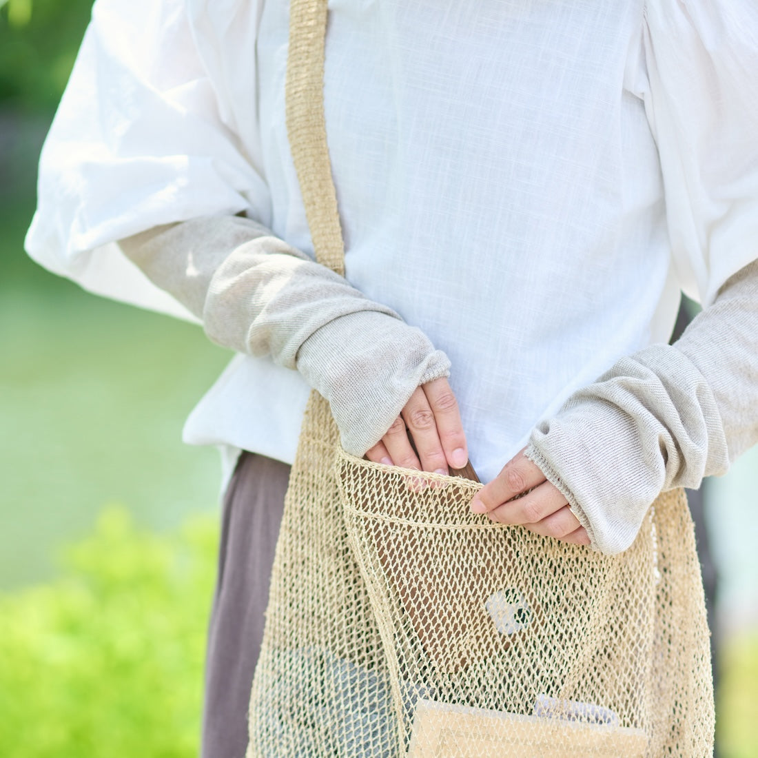 手の甲から二の腕まわりまですっぽり覆ってくれて、紫外線が気になる手の甲もふんわりとカバーしてくれます。
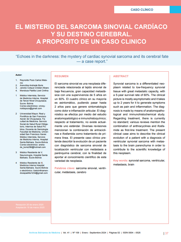 - EL MISTERIO DEL SARCOMA SINOVIAL CARDÍACO Y SU DESTINO CEREBRAL. A PROPOSITO DE UN CASO CLINICO
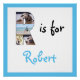 Téléchargez des photos pour remplir la lettre R et ajoutez le nom de votre enfant pour créer une affiche bleue spéciale pour la chambre de votre enfant.
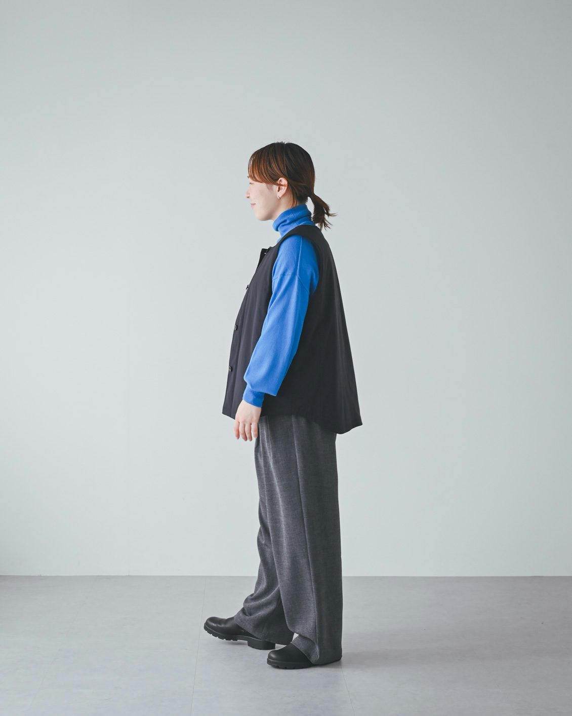 今回着用したブラックはやや浅い色味の黒だから、全身が重く見えないところもいいなと思います。このベストとコートのセットがあれば、今すぐ着れて、その後の冬、春も、かなり助かりそうです」
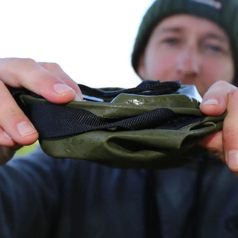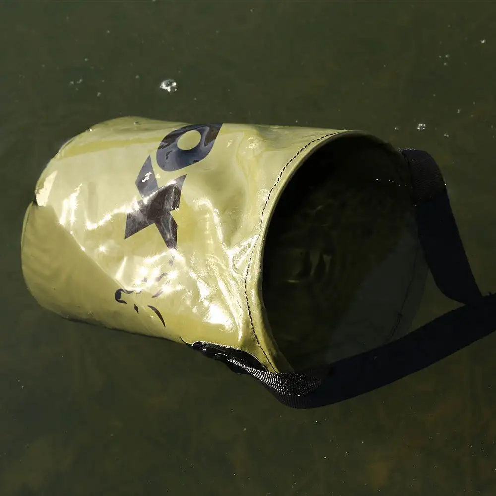 Er hat ein abnehmbare Schnur mit Klammer um den Falteimer ganz einfach an steilen und hohen Ufern zu befüllen, z.B. am Kanalspundwänden etc. Außerdem ist er sehr ideal um den Fisch beim Fotografieren nass zu halten, zum an mischen von Groundbait oder ganz einfach um die Hände zu waschen.
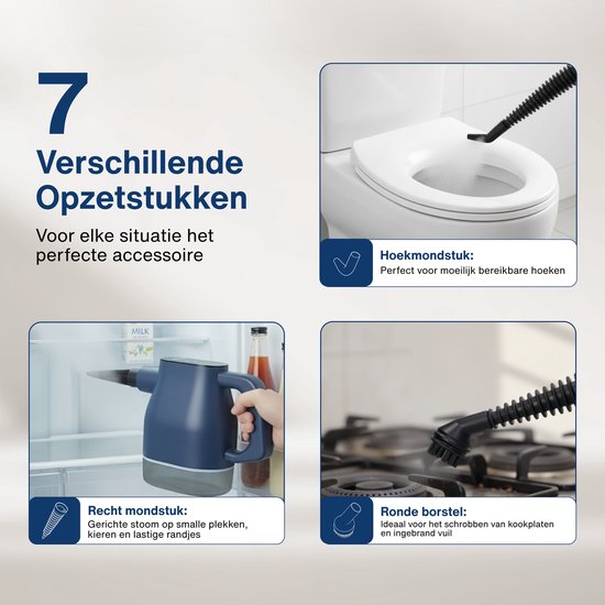 - Polyvalent à utiliser: Comprend 7 accessoires pratiques pour diverses applications telles que les vêtements, la salle de bain, la cuisine, les fenêtres et les zones difficiles d'accès.
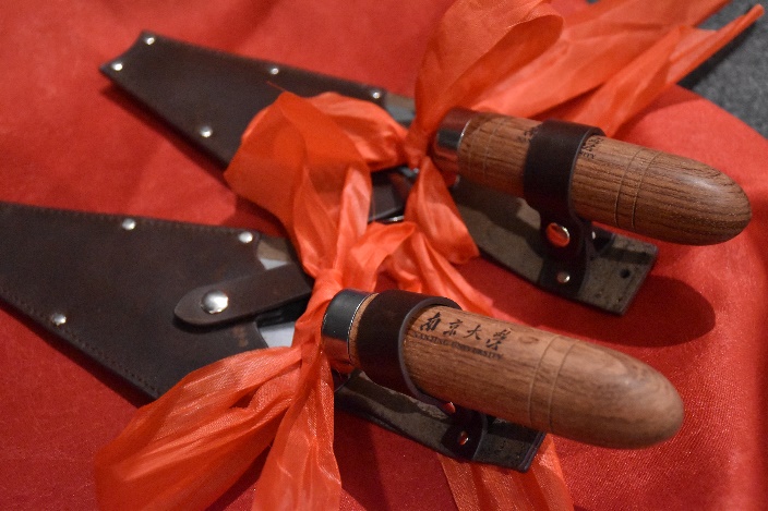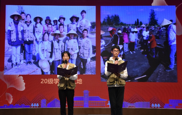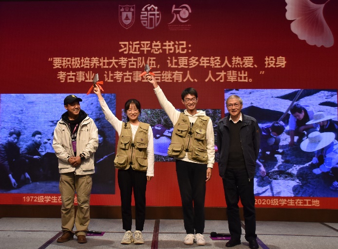 在校本科生代表张芊、龚晨宇献词。江苏省考古研究所原所长、南京博物院研究员,77级系友张敏老师、南京大学考古文物系主任助理张敬雷老师向学生代表颁赠手铲,勉励后辈学子日益精进,将南大考古学脉继承发扬。
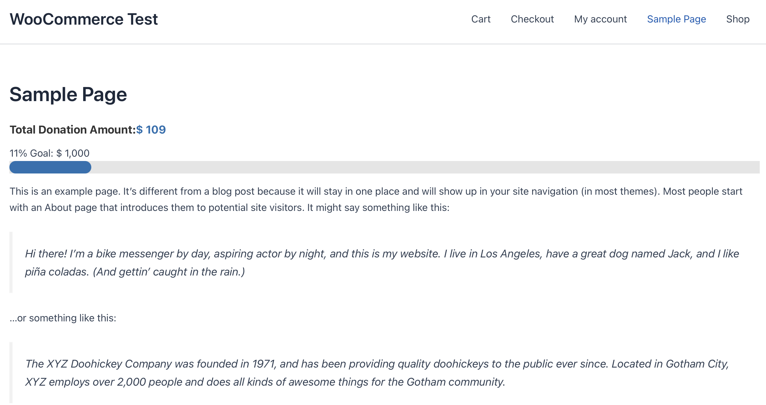 3. Progress Bar: Shows progress toward a goal amount.You can also customize the prefix and suffix text, and add custom CSS.
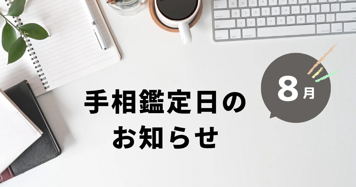 毎日暑い日が続いていますが、いかがお過ごしですか?8月の手相鑑定スケジュールをお知らせします。
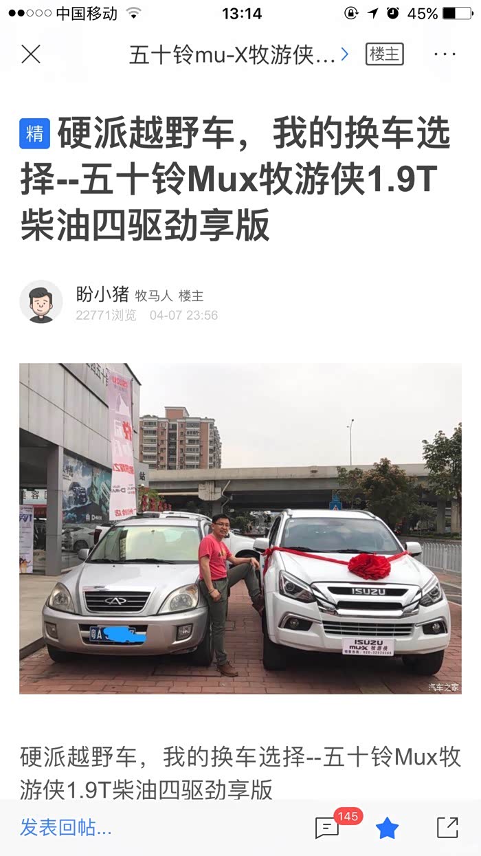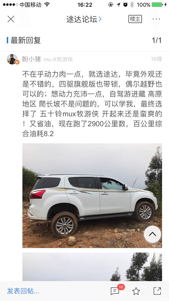 本人二师兄,五十铃mux牧游侠1.9T四驱五座劲享版车主,2018你1月底才知道五十铃mux2018款-牧游侠上市,得知牧游侠与老款母夜叉相比,发动机性能(1.9T强过停产的2.5T)、内饰档次、配置、隔音效果都大幅提升,周末两天之内到 广州市瑞铃汽车销售服务有限公司试驾了两次,就订了车,3月初提的车,差不多三个月跑了将近7000公里数(三分之一广州市区上下班堵车路+三分之二高速公路长途,偶尔去山间烂路体验一下牧游侠的四驱功能),百公里综合油耗8.1??????
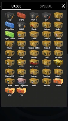 • Cases tab - this is here you unbox your weapon skins, to begin opening cases tap icon on the right and select crate you wish to open.

++++

Your output should consist solely of the lines from the line containing "本人二师兄,五十铃mux牧游" through the last line of the entries, verbatim, minus any pictures.

 本人二师兄,五十铃mux牧游侠1.9T四驱五座劲享版车主,2018你1月底才知道五十铃mux2018款-牧游侠上市,得知牧游侠与老款母夜叉相比,发动机性能(1.9T强过停产的2.5T)、内饰档次、配置、隔音效果都大幅提升,周末两天之内到 广州市瑞铃汽车销售服务有限公司试驾了两次,就订了车,3月初提的车,差不多三个月跑了将近7000公里数(三分之一广州市区上下班堵车路+三分之二高速公路长途,偶尔去山间烂路体验一下牧游侠的四驱功能),百公里综合油耗8.1??????
 • Cases tab - this is here you unbox your weapon skins, to begin opening cases tap icon on the right and select crate you wish to open.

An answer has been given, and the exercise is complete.